From now till the end of the next article, G is assumed to be compact and Hausdorff; this case will be instrumental to the general theory even though $GL_n\mathbb{C}$ is not compact. Here are some common examples of compact topological groups in representation theory:

$\begin{aligned} U_n &= \{ M \in GL_n \mathbb{C} : M \overline{M}^t = I\},\\ SU_n &= \{ M \in GL_n\mathbb{C} : M\overline{M}^t = I, \det(M) = 1\},\\ O_n &=\{ M\in GL_n\mathbb{R} : M M^t = I\}, \\ SO_n &= \{M \in GL_n\mathbb{R} : MM^t = I, \det(M) = 1\}, \\ T &= \{ z \in \mathbb{C} : |z| = 1\}.\end{aligned}$

These groups are compact because they are closed and bounded subsets of $\mathbb{C}^{n\times n}.$ E.g. the condition for $M \in U_n$ can be written out as a sequence of quadratic equations in $\text{Re}(z_{ij})$ and $\text{Im}(z_{ij})$ for $1\le i,j\le n.$ Thus the set $U_n$ is closed; it is bounded since the condition gives:

$|z_{i1}|^2 + |z_{i2}|^2 + \ldots + |z_{in}|^2 = 1, \quad\text{for } 1\le i\le n$

so each $|z_{ij}| \le 1.$

Haar Measure

To proceed, we will borrow a result from harmonic analysis:

Theorem.

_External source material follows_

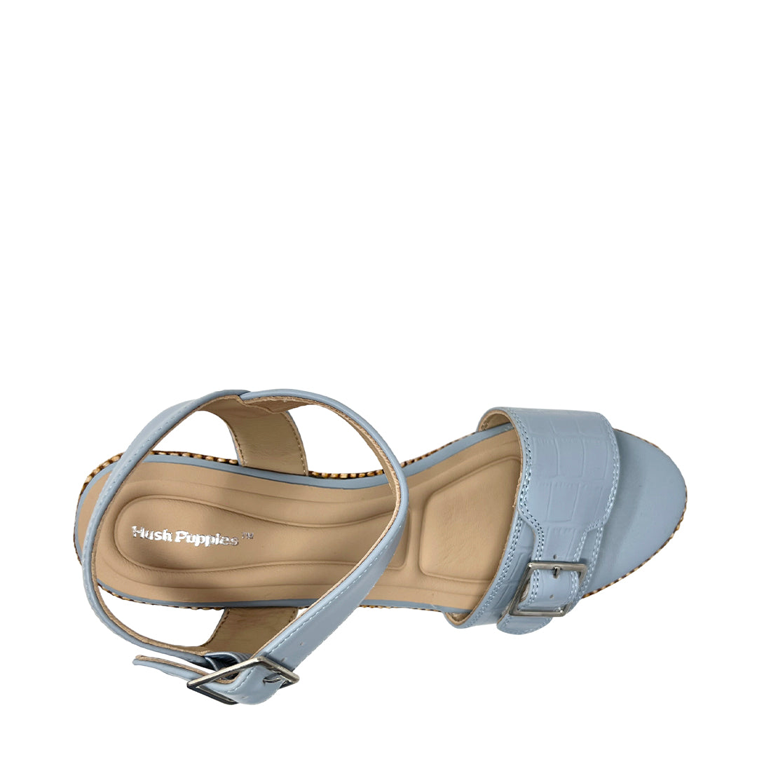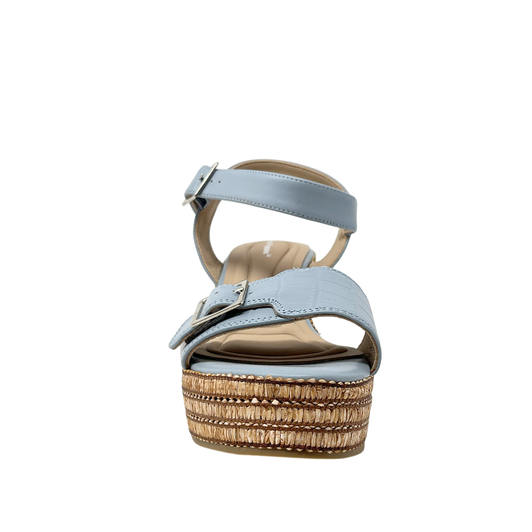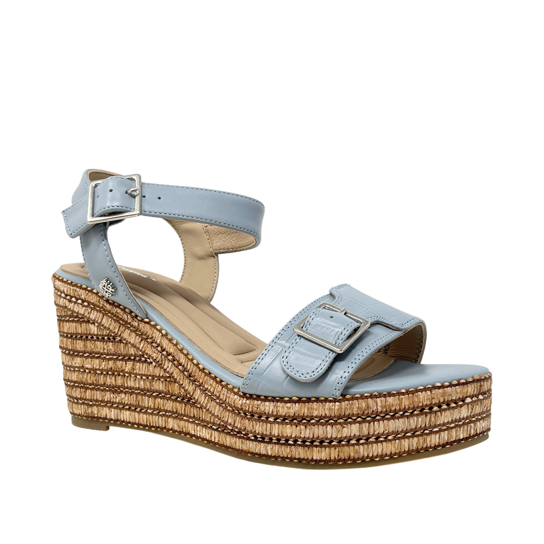 Sandalias de cuña Angie para mujer color celeste, en cuero. Cuña con estabilidad y confort para looks frescos.
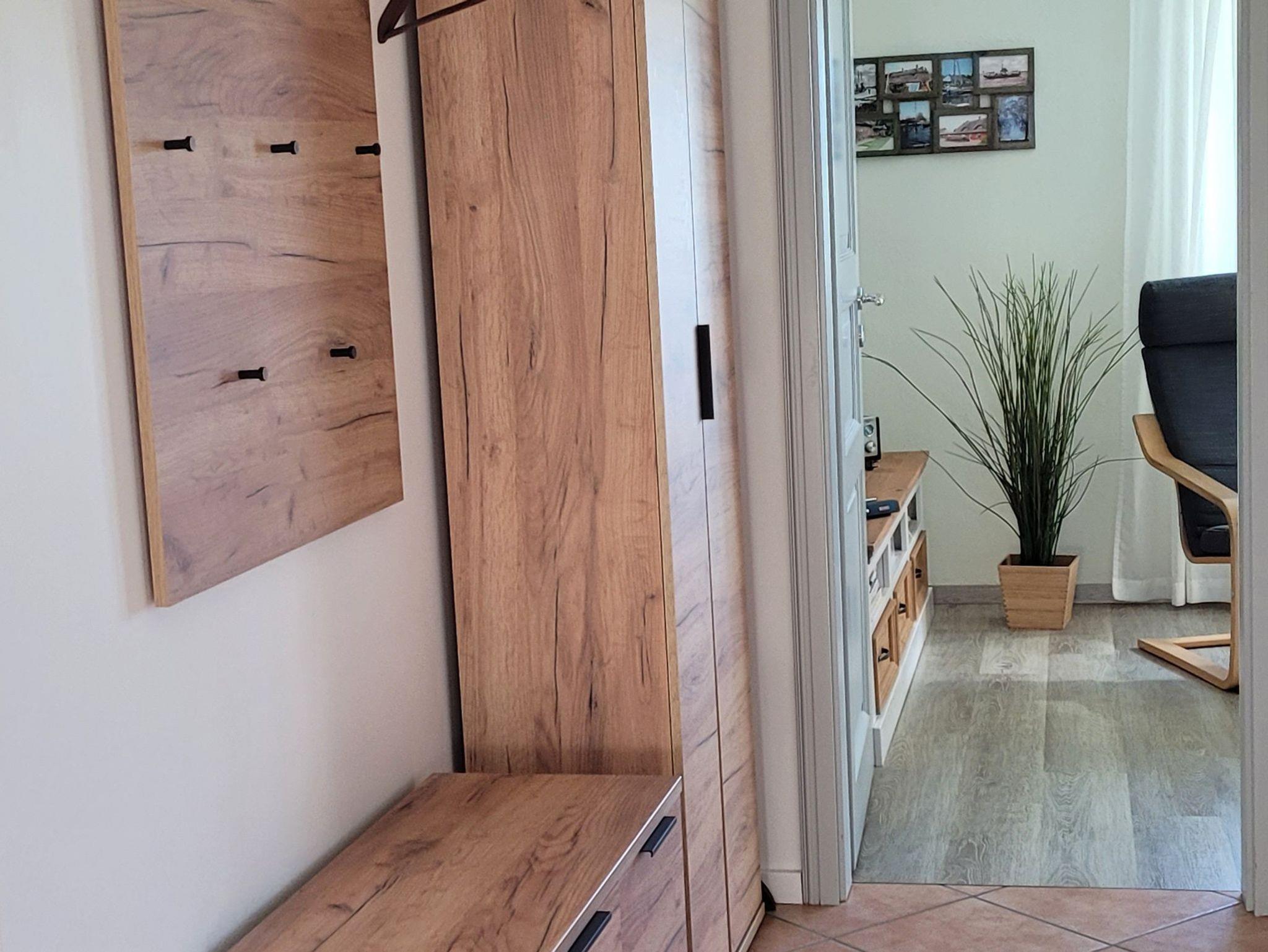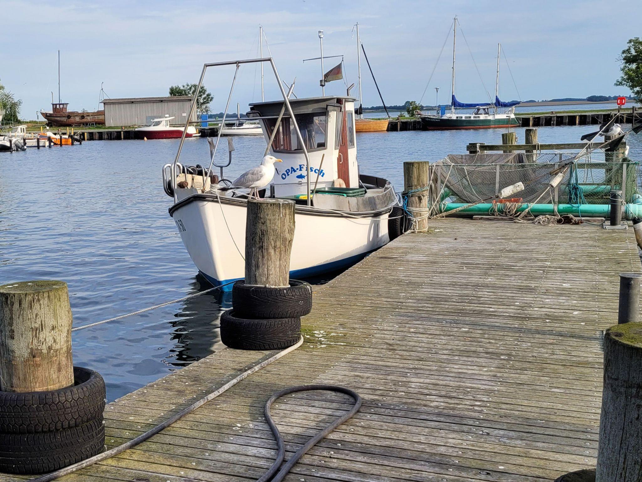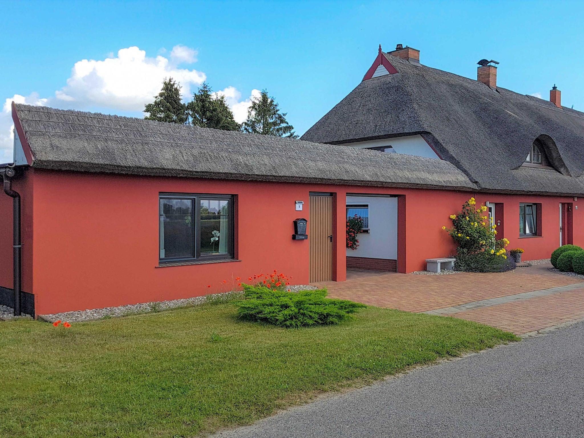Die Ferienwohnung ist 45m² groß, ebenerdig und befindet im Anbau eines reetgedachten Hauses in Stahlbrode mit separatem Eingang. Die gemütlich und modern eingerichtete Ferienwohnung verfügt über ein Schlafzimmer, Wohnzimmer, Küche und einem Bad mit Dusche und WC. Im Schlafzimmer befindet sich ein Doppelbett (160x200) mit Nachtschränken, Kommode, Sitzbank und kleinem Kleiderschrank. Vom gemütlichen Wohnzimmer mit Ecksofa, Schwingsessel, Schreibtisch, Fernseher und Radio, haben Sie einen Blick über die Felder und im Frühjahr und Herbst sogar bis zum Wasser. Die Küche ist ausgestattet mit einer Küchenzeile, Herd mit Backofen, Kühlschrank mit Gefrierfach, Mikrowelle, Kaffeemaschine, Wasserkocher, Toaster, Eierkocher und einem Esstisch für zwei Personen. Der Garten sowie die Sitzecke und Grill können mitbenutzt werden. Vor dem Haus ist ein Pkw-Stellplatz vorhanden. In dieser Ferienwohnung wird Strom (auch Elektroheizung) vor Ort nach Verbrauch abgerechnet.

If G is a compact Hausdorff group, then there is a measure m on G (called the Haar measure) satisfying:

m(G) = 1;

m is “left-invariant”, i.e. for any continuous $f:G\to \mathbb{C}$ , we have:

$\displaystyle y\in G\implies \int_{x\in G} f(yx)\cdot dm(x) = \int_{x\in G} f(x)\cdot dm(x),$

The Haar measure is unique and in fact right-invariant, i.e. $\int_{x\in G} f(xy)\cdot dm(x) = \int_{x\in G} f(x) \cdot dm(x).$ We will implicitly assume the Haar measure is used when integrating over G.

Note

The Haar measure is usually defined for locally compact Hausdorff groups in general, in which case we have to modify the statements a little. In particular, left-invariant measures are not necessarily right-invariant.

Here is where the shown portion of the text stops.